Сквозь толпу репортеров прошел Владимир Набоков. Он не пробивался локтями, а двигался спокойно и неторопливо, словно на прогулке в Летнем саду. Набоков походил на английского лорда, безукоризненно выбритого, строго и элегантно одетого. Журналисты предупредительно уступали ему дорогу, а он, тепло поздоровавшись с Короленко и сдержано с Бонч-Бруевичем, сел на заранее занятый для него стул и небрежно забросил под сиденье шелковый цилиндр. Он беседовал с Короленко о семейных делах.
— Мой сын Володя обнаружил в библиотеке труд великого князя Николая Михайловича о русско-азиатских бабочках с несравненными иллюстрациями Кавригина, Рыбакова и Ланга. Сейчас он мечтает о долгой и волнующей карьере куратора чешуекрылых в большом музее.
— Что же, у каждого своя дорога, — отозвался Короленко. — По крайней мере не будет, подобно нашему брату писателю, напрасно бумагу марать. Пусть изучает насекомых. Хотя, скажу я вам, такого зверья, как в этом зале, ни в одном зоологическом саду не удастся понаблюдать. Эти шмаковы, замысловские, голубевы!
— У меня вчера была стычка со студентом Голубевым, — вступил в разговор Бонч-Бруевич. — Он угрожал мне расправой, я же посоветовал ему больше времени уделять занятиям в университете. Мальчишка сразу поджал хвост!
— Голубев — свой человек для властей, — заметил Набоков. — Я тут наблюдал, как он по-приятельски жмет руку всем чинам полиции от городового до полицмейстера. Когда ему понадобилась справка из сыскного отделения, он зашел туда, словно в осведомительное бюро, словно к себе на квартиру. И получил справку, и принес ее в суд. И никто даже не удивился!
— Читали, как Троцкий отделал эту братию в «Киевской мысли»? — с улыбкой спросил Бонч-Бруевич.
— За балканские репортажи я его не похвалю, — покачал головой Набоков.
— Вам, либералам, правда глаза колет, — грубо парировал Бонч-Бруевич. — Троцкий абсолютно прав. Сусальная агитация в защиту братушек-славян есть не что иное, как прикрытие империалистических планов передела мира.

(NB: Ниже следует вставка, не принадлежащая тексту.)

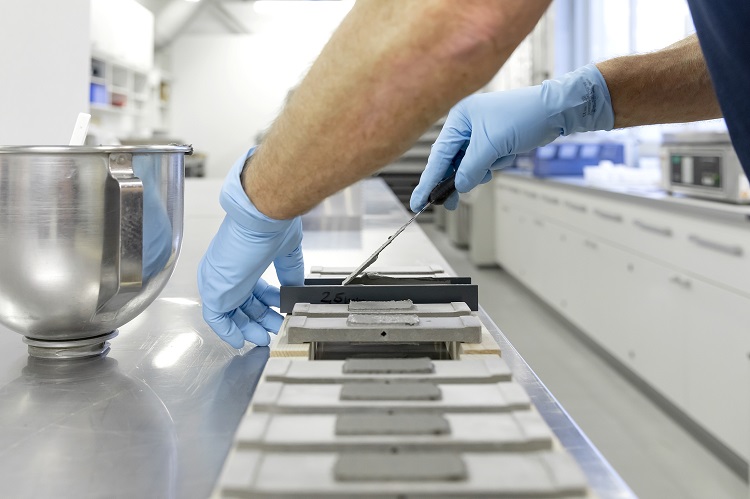 瓦克实验员将颜料添加到可再分散乳胶粉中。
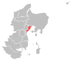 The Danish government places the district's center at 56°15′54″N 10°18′11″E / 56.265°N 10.303°E.[9]
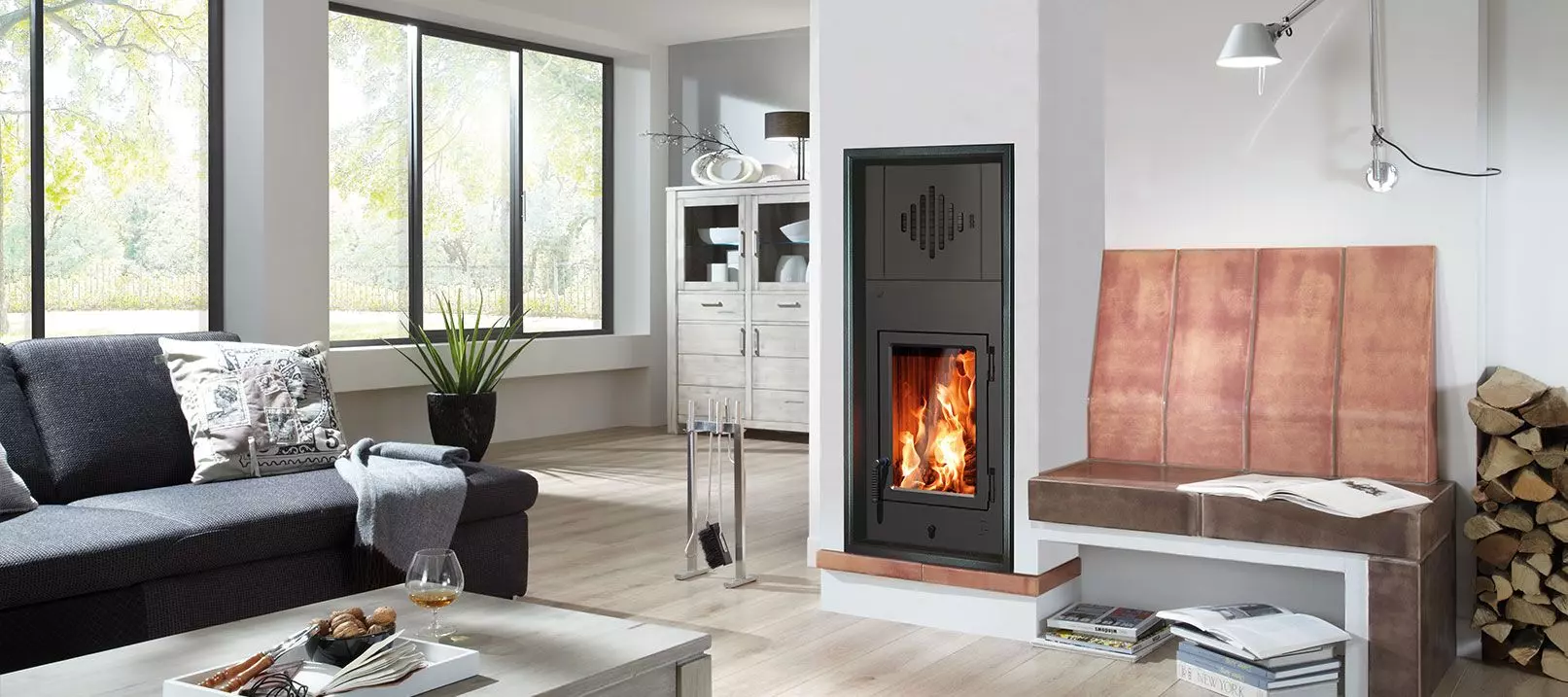 - Feuerraum mit Schamotte Auskleidung
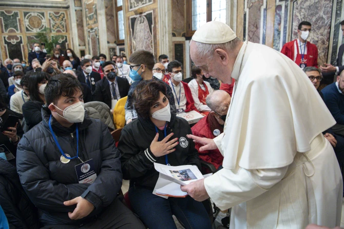 “Disability, in all its forms, represents a challenge and an opportunity to build together a more inclusive and civil society, where family members, teachers and associations like yours are not left alone but are supported,” the pope said in the meeting on April 1.

Они заспорили о балканской политике. Для Бразуля это была больная тема. После успешного журналистского расследования Бразуля повысили, поручив вести в «Киевской мысли» отдел военный и водных путей сообщения. Отдел, правда, считался самым незначительным, но вскоре на Балканах запахло порохом. Венский корреспондент газеты Лев Троцкий попросил отправить его на театр военных действий. Бразуль загорелся этой идеей, отстоял смету расходов. Потом он об этом пожалел, потому что вместо репортажей о героической борьбе славянских народов против турок Троцкий присылал корреспонденции о систематическом насилии православных болгар и сербов над мусульманами. Его статьи о расстреле пленных турок вызвали возмущенные дипломатические демарши Белграда и Софии. Бразуль считал, что Троцкий перебарщивает, бичуя язвы войны с позиций пацифиста. Понятно, что у штатского человека приказы генералов вызывают отвращение. Однако на войне невозможно обойтись без расстрелов, как бы ими ни возмущался Троцкий.
А вот о киевском процессе Троцкий писал хлестко. «На памятнике Замысловскому, — обращался он к черносотенцам, — а этот памятник вы должны воздвигнуть ему при жизни — начертайте великую ксиву: как Замысловский учил двух честных блатных не капать на себя не вовремя по мокрому делу. И пусть ваша молодежь, ваша надежда, Голубевы и Позняковы, заучивают блатную ксиву наизусть, как высший образчик черной гражданственности».
С таким же сарказмом Троцкий писал о появлении на суде двух заграничных родственников Зайцева. Эту историю раскопал Розмитальский, несомненно имевший сыскной опыт. Он услышал от кого-то из служащих кирпичного завода, что в канун еврейской пасхи 1911 года на заводе были временно прописаны евреи Эттингер и Ландау, прибывшие из-за границы. Розмитальский решил, что они являлись теми самыми «бородатыми евреями в мантиях», которые похитили Андрея Ющинского.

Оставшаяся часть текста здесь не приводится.